- **BRIEF**: Reproduce the data below in full and to the letter, images excepted.
START GIVEN MATERIAL
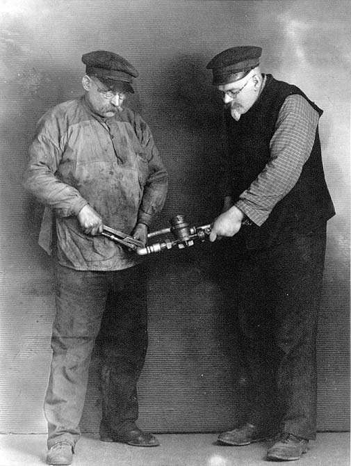 Två män i arbetskläder med rörtänger och arbetsstycke, i en ateljé.
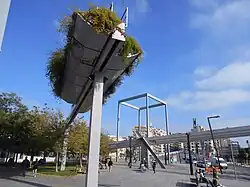 - Contenedores: sirven para recoger la basura; hay también de recogida selectiva de residuos (papel, plástico, vidrio, pilas, ropa) y de recogida neumática. Pueden ser contenedores de superficie (de 3200 o 1100 litros) o soterrados.[45]
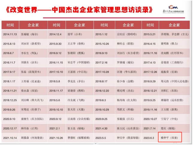 張瑞敏、雷軍、宗慶后等知名企業(yè)家被收錄名單中
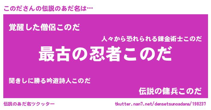| ヒーロー風カッコイイあだ名 | 『仮面コノダー』『ウルトラこのだマン』 |
END GIVEN MATERIAL
- **THE ANSWER**:
 Två män i arbetskläder med rörtänger och arbetsstycke, i en ateljé.
 - Contenedores: sirven para recoger la basura; hay también de recogida selectiva de residuos (papel, plástico, vidrio, pilas, ropa) y de recogida neumática. Pueden ser contenedores de superficie (de 3200 o 1100 litros) o soterrados.[45]
 張瑞敏、雷軍、宗慶后等知名企業(yè)家被收錄名單中
| ヒーロー風カッコイイあだ名 | 『仮面コノダー』『ウルトラこのだマン』 |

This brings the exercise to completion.